> _WHAT TO DO_
For every line in the data below that contains "with", copy the line.

> _DATA EXTRACTS_
☆ ☆ ☆
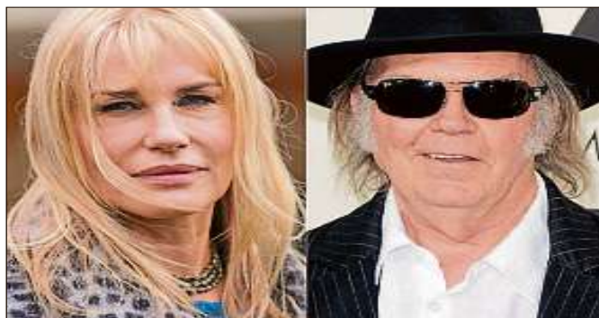
Singer Neil Young, 72, (right) confirmed his marriage to Daryl Hannah, 57, on Wednesday. They were discretely married on July 27, 2018 in Socia Island's Echo Bay.

Kent State University in Ohio. There has been speculation since August that Young, 72, and Hannah, 57, who had been dating since 2014, had married. Earlier this year, Hannah, whose film credits include Blade Runner in 1982 and Splash in 1984, made her debut as a feature film director with Paradox, a playful fantasy Western shot on a shoestring budget and starring Young and fellow musician Willie Nelson.
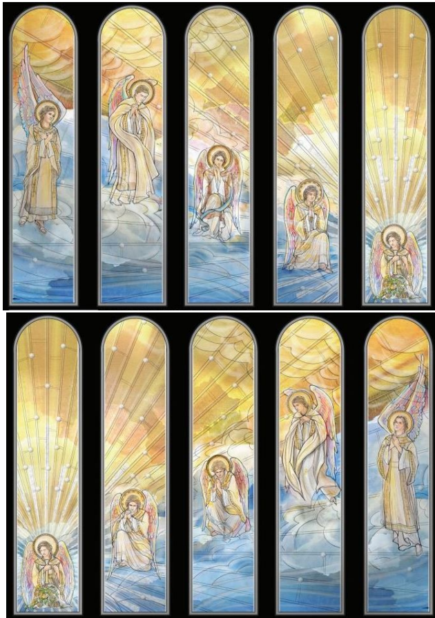
Adoring Angels Windows Behind the Altar

100% of your donation will go to this effort.
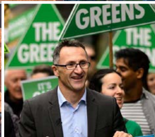
Senator Richard Di Natale , Leader, Australian Greens
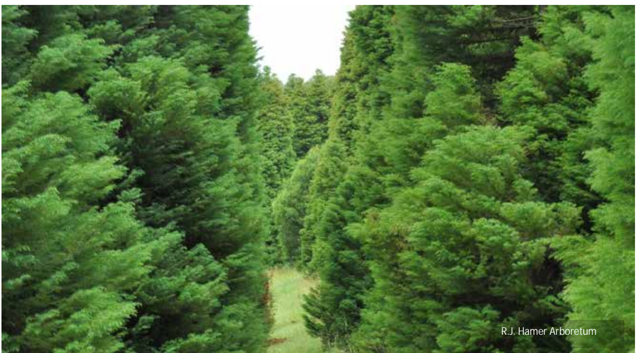
R.J. Hamer Arboretum

An impressive broad landscape with bold plantings of exotic trees and distant views of the Yarra Valley and the Great Dividing Range. The forest arboretum is popular with local community and tourists alike for passive recreation.
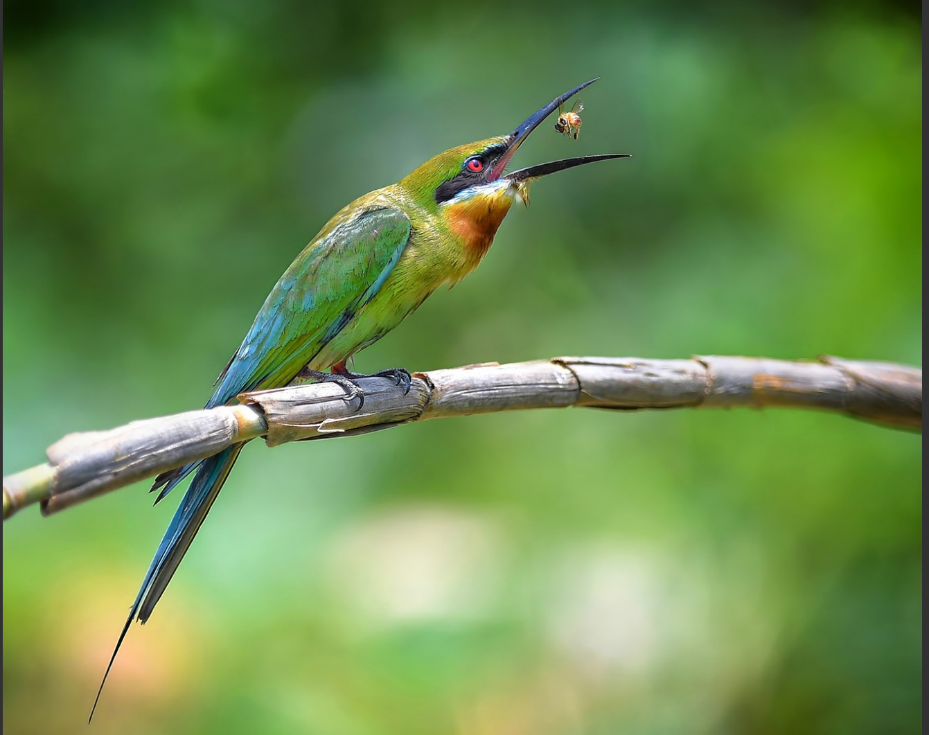
MAPA DIPLOMA 1st | TANG CHAN SENG, Macau, Meropidae 52
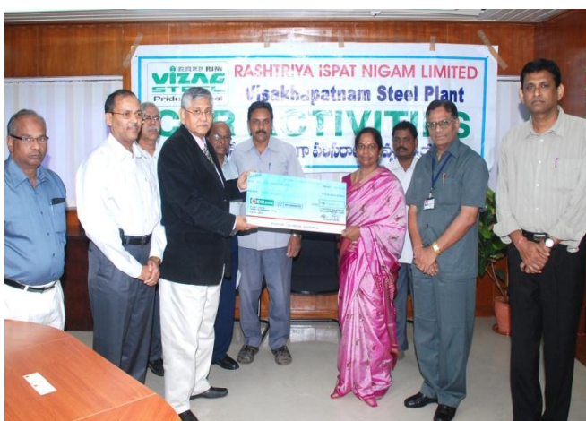
Support to M/s Vijaya Foundation, Kadapa
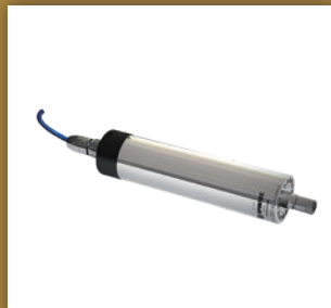
High Speed Spindles
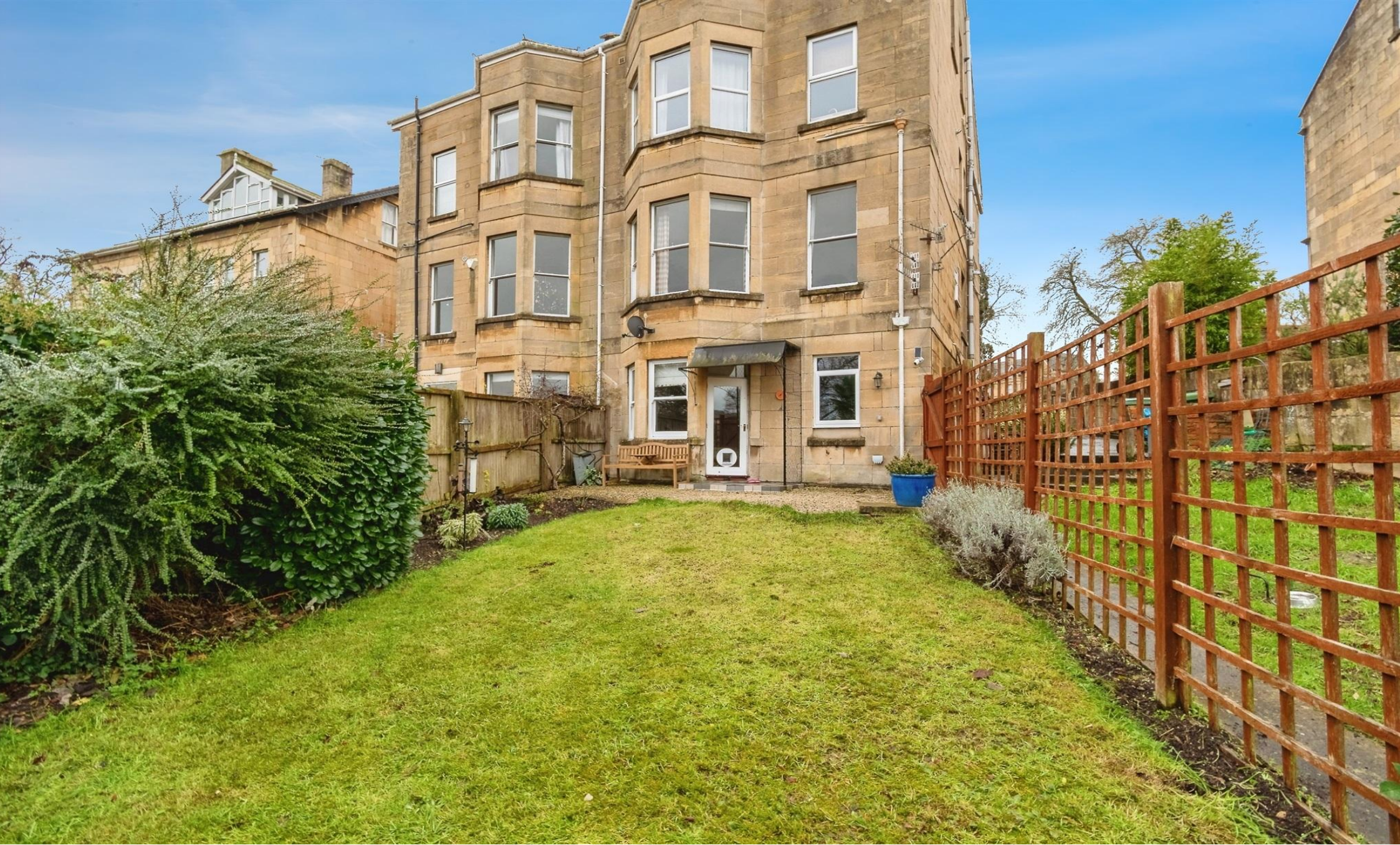
Garden Flat Lower Oldfield Park, Bath BA2 3HP
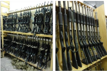
The Gurdian Apr 2004 Investing in Arms http://bit.ly/2FFh6Rq
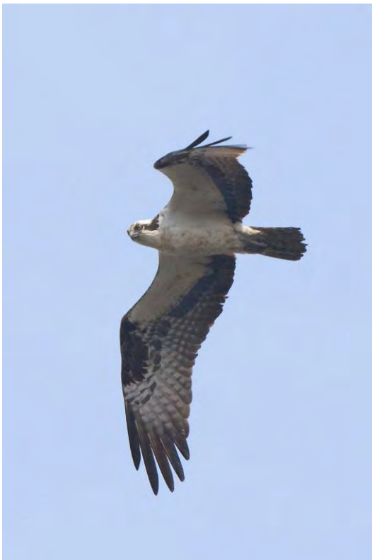
FIGURE 37: OSPREY AT WILLOW GROVE

We left the Dorchester Shipyard site and headed to Willow Grove Lake. We took a nice lazy paddle in a canoe to the nesting site, totally secure in what we were about, only to find that I had worn the hard hat for the wrong osprey. But isn't that often the way life seems to unfold? We know about being prepared - we simply are a little off base on various occasions.
☆ ☆ ☆
> _WRITTEN REPLY_
Kent State University in Ohio. There has been speculation since August that Young, 72, and Hannah, 57, who had been dating since 2014, had married. Earlier this year, Hannah, whose film credits include Blade Runner in 1982 and Splash in 1984, made her debut as a feature film director with Paradox, a playful fantasy Western shot on a shoestring budget and starring Young and fellow musician Willie Nelson.
An impressive broad landscape with bold plantings of exotic trees and distant views of the Yarra Valley and the Great Dividing Range. The forest arboretum is popular with local community and tourists alike for passive recreation.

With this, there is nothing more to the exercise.